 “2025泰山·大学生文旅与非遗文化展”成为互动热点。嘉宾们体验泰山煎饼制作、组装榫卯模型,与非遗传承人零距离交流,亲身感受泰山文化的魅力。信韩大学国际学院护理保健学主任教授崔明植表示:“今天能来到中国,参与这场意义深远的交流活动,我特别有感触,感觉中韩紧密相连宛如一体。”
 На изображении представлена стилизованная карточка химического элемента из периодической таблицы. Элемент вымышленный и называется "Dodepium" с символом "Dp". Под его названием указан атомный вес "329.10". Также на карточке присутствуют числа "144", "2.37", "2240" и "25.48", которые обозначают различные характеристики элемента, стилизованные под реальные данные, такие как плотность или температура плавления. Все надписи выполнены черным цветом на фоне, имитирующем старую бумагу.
----------------
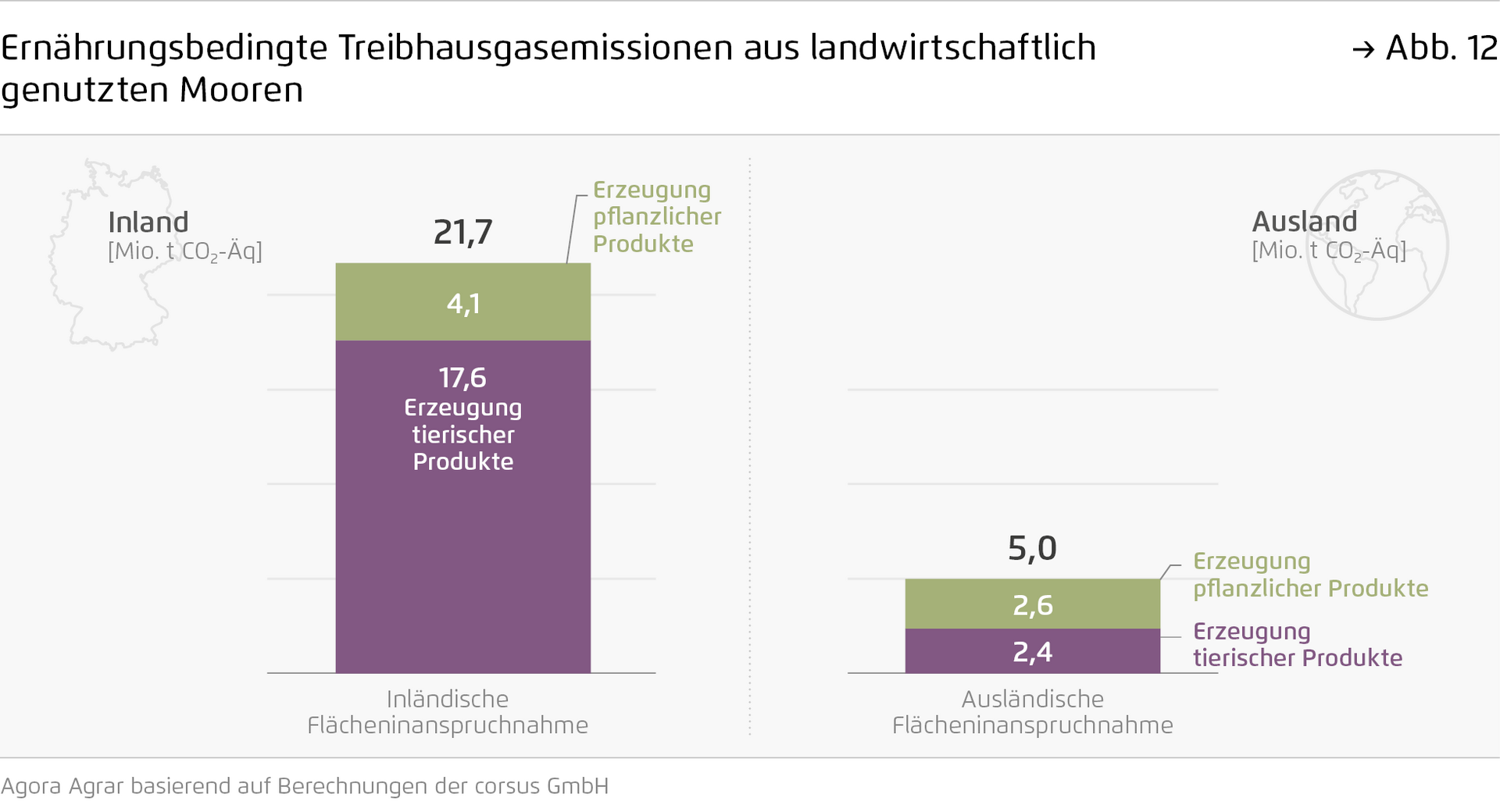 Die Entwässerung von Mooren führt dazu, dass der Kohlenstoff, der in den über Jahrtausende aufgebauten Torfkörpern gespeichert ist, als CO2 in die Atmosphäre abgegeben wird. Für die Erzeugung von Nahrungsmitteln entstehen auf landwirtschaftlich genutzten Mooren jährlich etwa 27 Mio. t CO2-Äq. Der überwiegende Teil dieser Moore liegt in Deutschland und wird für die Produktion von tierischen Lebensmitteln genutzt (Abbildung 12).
----------------
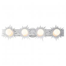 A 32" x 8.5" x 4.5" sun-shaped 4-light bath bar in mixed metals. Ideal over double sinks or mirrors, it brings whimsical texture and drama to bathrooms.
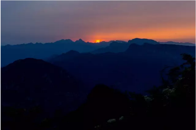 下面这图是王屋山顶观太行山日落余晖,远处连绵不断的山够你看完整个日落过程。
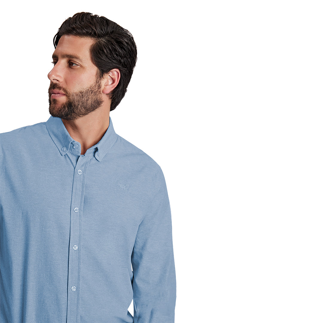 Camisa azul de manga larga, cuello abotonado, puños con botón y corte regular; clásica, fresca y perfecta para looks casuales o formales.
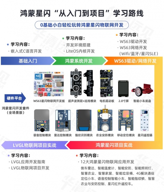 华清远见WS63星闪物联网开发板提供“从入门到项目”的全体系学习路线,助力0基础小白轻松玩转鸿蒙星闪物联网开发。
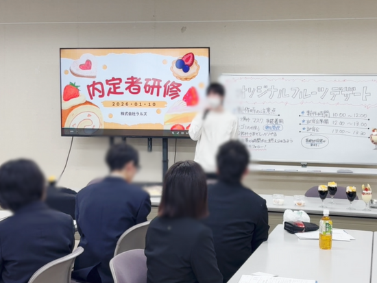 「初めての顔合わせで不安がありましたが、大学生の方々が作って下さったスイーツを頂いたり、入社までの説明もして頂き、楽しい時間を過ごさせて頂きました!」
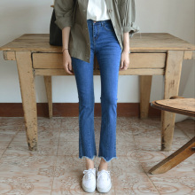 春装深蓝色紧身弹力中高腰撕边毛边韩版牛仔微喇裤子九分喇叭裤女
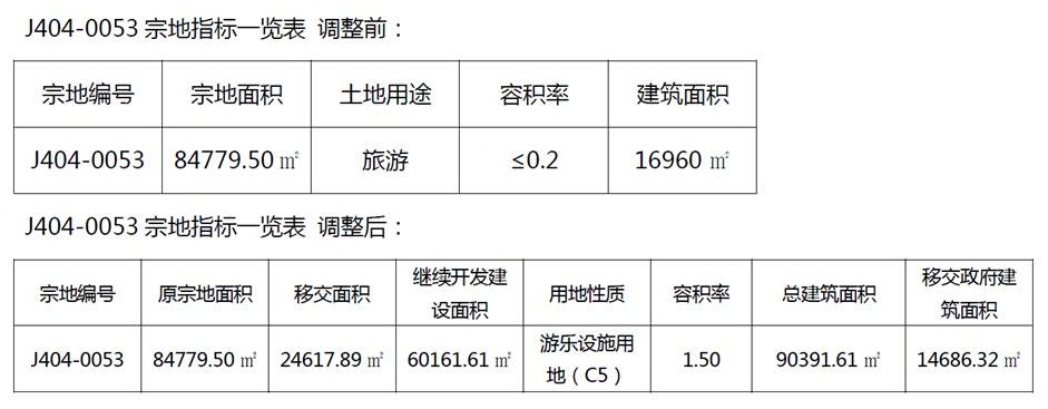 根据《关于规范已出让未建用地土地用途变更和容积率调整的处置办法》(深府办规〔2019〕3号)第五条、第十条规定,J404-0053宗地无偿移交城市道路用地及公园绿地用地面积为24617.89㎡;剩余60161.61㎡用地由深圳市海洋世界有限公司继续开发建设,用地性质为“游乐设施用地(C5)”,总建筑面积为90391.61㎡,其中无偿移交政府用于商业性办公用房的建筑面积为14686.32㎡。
----------------
● **About this task**:
Within these entries, output exactly the lines starting at the one with "drama to bathrooms." and finishing at the one with "根据《关于规范已出让未建用地". Leave pictures out of the output.

● **Answer for the task**:
 A 32" x 8.5" x 4.5" sun-shaped 4-light bath bar in mixed metals. Ideal over double sinks or mirrors, it brings whimsical texture and drama to bathrooms.
 下面这图是王屋山顶观太行山日落余晖,远处连绵不断的山够你看完整个日落过程。
 Camisa azul de manga larga, cuello abotonado, puños con botón y corte regular; clásica, fresca y perfecta para looks casuales o formales.
 华清远见WS63星闪物联网开发板提供“从入门到项目”的全体系学习路线,助力0基础小白轻松玩转鸿蒙星闪物联网开发。
 「初めての顔合わせで不安がありましたが、大学生の方々が作って下さったスイーツを頂いたり、入社までの説明もして頂き、楽しい時間を過ごさせて頂きました!」
 春装深蓝色紧身弹力中高腰撕边毛边韩版牛仔微喇裤子九分喇叭裤女
 根据《关于规范已出让未建用地土地用途变更和容积率调整的处置办法》(深府办规〔2019〕3号)第五条、第十条规定,J404-0053宗地无偿移交城市道路用地及公园绿地用地面积为24617.89㎡;剩余60161.61㎡用地由深圳市海洋世界有限公司继续开发建设,用地性质为“游乐设施用地(C5)”,总建筑面积为90391.61㎡,其中无偿移交政府用于商业性办公用房的建筑面积为14686.32㎡。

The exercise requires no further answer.